Take the line containing "Отель располагает 184" and each line after it through the end of the data below, and return them exactly, minus any pictures.

*** Material provided Section Begins ***

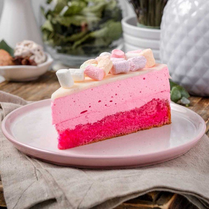 сахар, смесь растительно-сливочная (масло сливочное, масла раст. (подсолнечное, пальмовое, оливковое)), сливки для взбивания (вода, жир растительный, сахар, молочный белок, эмульгатор лецитин), мука пшеничная, молоко сгущенное с сахаром, сироп «Бабл гам» (сахар, ароматизатор натур., краситель пищевой), белый шоколад, белок пастериз., агар-агар, краситель пищевой, регулятор кислотности (лимонная кислота).
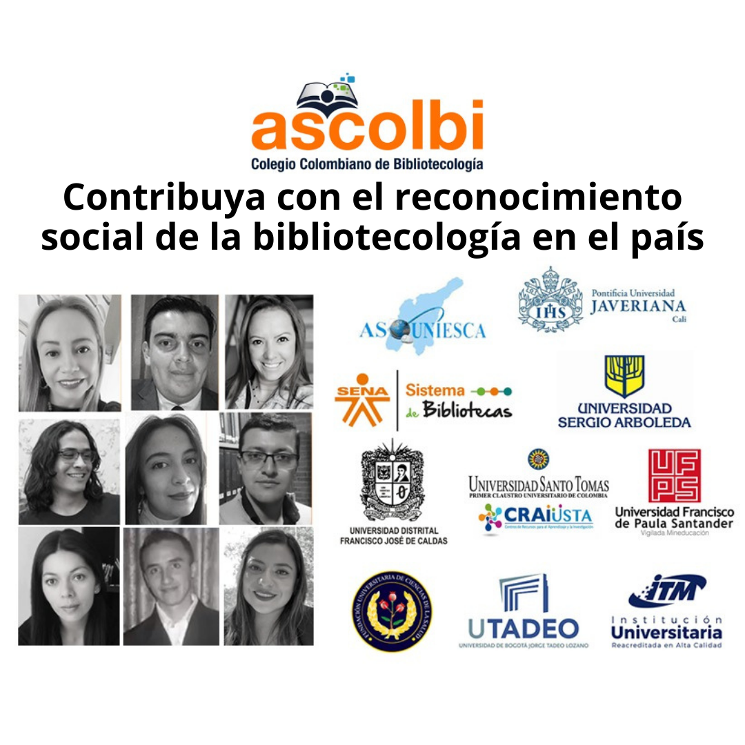 Si considera que la Ciencia de la Información y la Bibliotecología son fundamentales para contribuir con la organización, preservación y acceso a la información y el conocimiento como insumo fundamental para la transformación social del país, invitamos a nuestros asociados a actualizar su información de contacto (afiliado individual, afiliado institucional) e invitamos a los no asociados a afiliarse a Ascolbi.
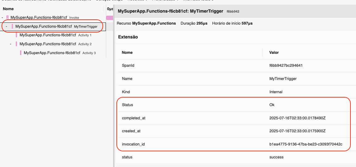 No segundo span, gerado via StartFunctionActivity, podemos ver as tags definidas anteriormente:
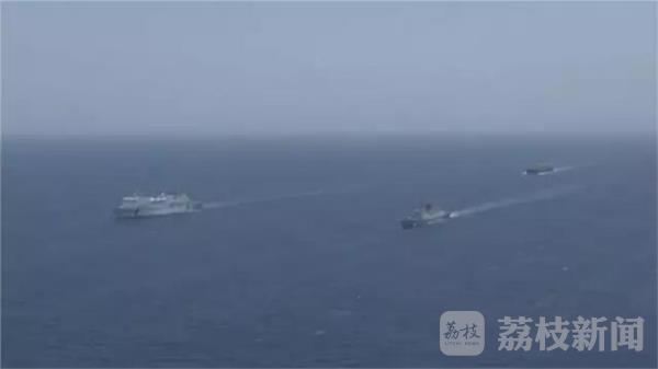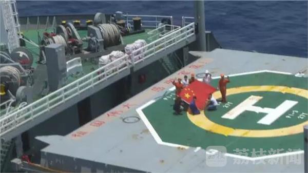 ▲ 执行空中警戒任务的中国海军黄冈舰舰载直升机无意中拍摄到“腾达”号船员挥动国旗致敬的画面,而他们身后的平台上,一行红色大字“祖国伟大、感谢军医”特别显目。
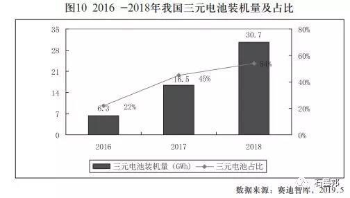 2017年以來(lái),我國(guó)新能源汽車(chē)補(bǔ)貼加大了對(duì)高能量密度動(dòng)力電池的支持力度。三元電池憑借高能量密度優(yōu)勢(shì)快速崛起,強(qiáng)勢(shì)改變動(dòng) 力電池市場(chǎng)格局。2017年三元電池裝機(jī)量達(dá)到了16.5GWh,增幅近10GWh,占動(dòng)力電池裝機(jī)量的比重達(dá)45%,較2016年的22%提高了23個(gè)百分點(diǎn)。2018年,我國(guó)動(dòng)力電池裝機(jī)量達(dá)到了57GWh,其中三元電池裝機(jī)量30.7GWh,同比增長(zhǎng)91.7%,占動(dòng)力電池裝機(jī)量的比重達(dá)54%,較2017年提高了9個(gè)百分點(diǎn)。隨著三元電池能量密度和安全性不斷提 升,其在動(dòng)力電池市場(chǎng)占比將穩(wěn)步提升。
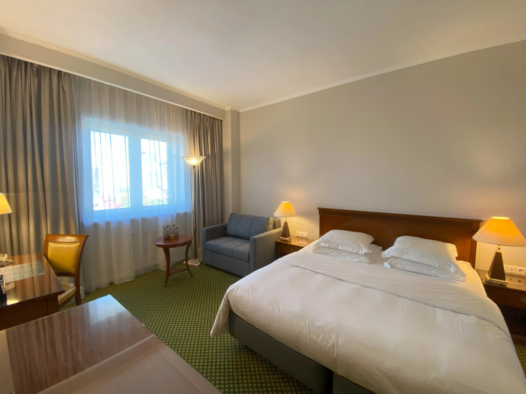 Отель располагает 184 номерами. Гостям предоставляются: кровать с ортопедическим матрасом, ванная комната со всеми необходимыми принадлежностями, телевизор с плоским экраном, беспроводной доступ в Интернет, мини-бар, чайник с наборами чая и кофе на выбор, рабочее место.
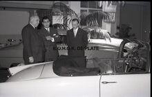 Formaat : 18 x 24 cm. - Tentoonstelling van beeldhouwwerken van Koningin Elisabeth in de Montrosezaal ten voordele van Oxfam van 14 tot 22/08/1965. Hier in de Montrosezaal in het gezelschap van Roger De RamΓ©e, directeur van de Kursaal.
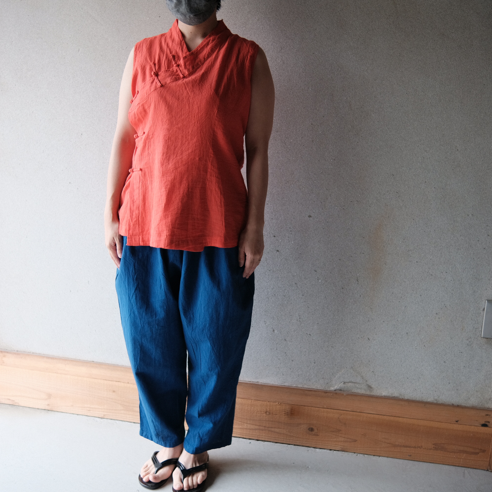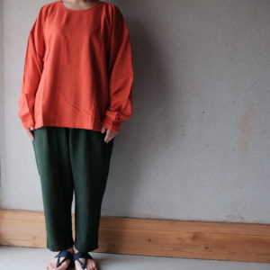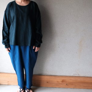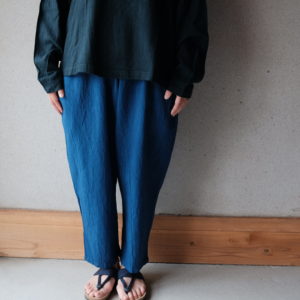 手染めなので徐々に風合いが出て着ます、デニムのように色が馴染む点もお楽しみください。

*** Material provided Section Ends ***

Finished exercise =>
 Отель располагает 184 номерами. Гостям предоставляются: кровать с ортопедическим матрасом, ванная комната со всеми необходимыми принадлежностями, телевизор с плоским экраном, беспроводной доступ в Интернет, мини-бар, чайник с наборами чая и кофе на выбор, рабочее место.
 Formaat : 18 x 24 cm. - Tentoonstelling van beeldhouwwerken van Koningin Elisabeth in de Montrosezaal ten voordele van Oxfam van 14 tot 22/08/1965. Hier in de Montrosezaal in het gezelschap van Roger De RamΓ©e, directeur van de Kursaal.
 手染めなので徐々に風合いが出て着ます、デニムのように色が馴染む点もお楽しみください。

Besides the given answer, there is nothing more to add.